In PPS, the distribution of 99mTc-macroaggregated albumin, which transiently accumulated in peripheral capillaries as microemboli after intravenous injection, is proportional to the pulmonary artery blood flow (28,29). In contrast, in the lung perfusion analysis by DPDR, local perfusion was evaluated as a CCv based on the correlation between changes in the pixel values of the pulmonary and ventricular regions during the cardiac cycle. BFR was calculated as the ratio of the sum of the MaxCCv on the left and right lung fields (22). Cross-correlation is an assessment of local pulmonary pulsation, which indicates the presence of local pulmonary artery blood flow. Therefore, some differences between DPDR and PPS findings are not surprising, as both have completely different imaging targets and mechanisms. In addition, DPDR imaging can be strongly affected by pulsations at the margins of cardiac shadows or large blood vessels in the hilum. It is important to develop a simple and minimally invasive alternative modality by increasing the measurement accuracy with improved analytical techniques.
The prediction of perioperative complications, including the postoperative induction of oxygen therapy based on ppo%FEV1 and ppo%DLco, were markedly similar between DPDR and PPS. The non-functional lung region, indicated by the low attenuation area on chest CT, is a region of no or low blood flow. Therefore, DLco, strongly influenced by pulmonary blood flow, is likely correlated with the predicted lung function using the BFR. Although minimally invasive surgery for lung cancer has recently been associated with fewer critical complications (19,30), the preoperative prediction of postoperative complications calls for attention to postoperative management. However, many thoracic surgeons do not believe that a single method can yield precise predictions (9,10). In this regard, a highly accurate prediction for postoperative complications is expected to be achieved by complication prediction model of risk factors, including the ppo lung function. There have been many reports of predictions of postoperative lung function and perioperative complications using various modalities, each of which has advantages and disadvantages, such as exposure dose or inspection time (20,21,28,29). Therefore, it is more reasonable to select a simpler and less invasive method than to obtain data to calculate a predicted value from a method with certain disadvantages. Modality should be used as an alternative to examination methods with previously accumulated data. In addition, the captured images can be used to obtain additional information, such as thoracic and diaphragmatic movements by DCR, ventilation status by ventilation imaging, or thromboembolism by blood flow imaging (31-34). As such, a lot of information could be easily obtained not only from a normal moving image but also from ventilation/perfusion dynamic image-by-image processing.

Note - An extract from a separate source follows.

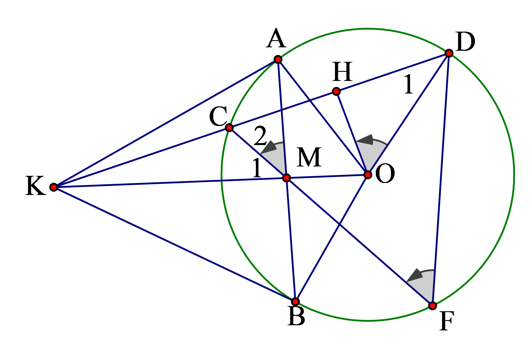 OD = R \Rightarrow \widehat{OKI} = \widehat{OKD}\)
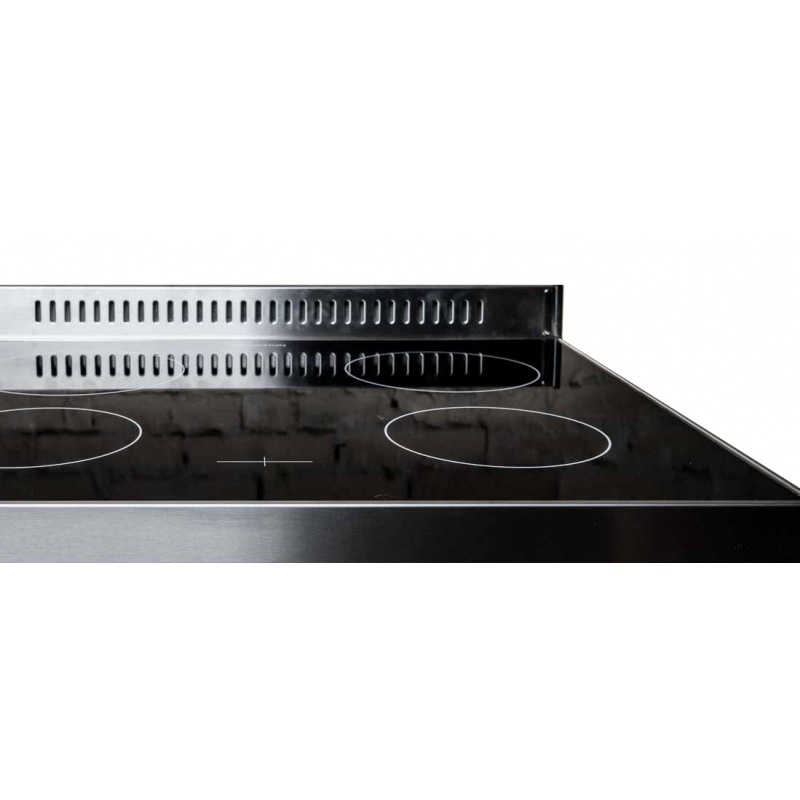 Splashback-ul este confectionat din otel inoxidabil. Usor de curatat, acesta protejeaza peretele de stropii ce apar in timpul gatirii.

DCR studies can considerably stimulate the exploration of respiratory and cardiovascular physiology. Therefore, this technical has many potential applications, from disease diagnosis to functional evaluation (31). Notably, DCR analysis can provide information in all supine, standing, and sitting positions, which are more reflective of the normal respiratory and circulatory states. A recent study on pulmonary blood flow distribution using other modalities reported that conventional gravity and vessel anatomy are major determinants of regional pulmonary blood flow (35). However, since these were measured in the lateral and supine positions, the actual influence of body position on pulmonary circulation is incompletely understood (36). In contrast, DPDR can provide definitive data on the magnitude of the impact of standing and sitting positions on the pulmonary blood flow distribution in spontaneously breathing and awake humans. After radical surgery for lung cancer, the pulmonary blood flow distribution is expected to change as a result of right heart dysfunction, due to the reduction of the pulmonary vascular bed, or increased pulmonary vascular resistance, due to flexion of the bronchi and pulmonary blood vessels associated with residual lung repositioning. DPDR also provides new insights into these situations.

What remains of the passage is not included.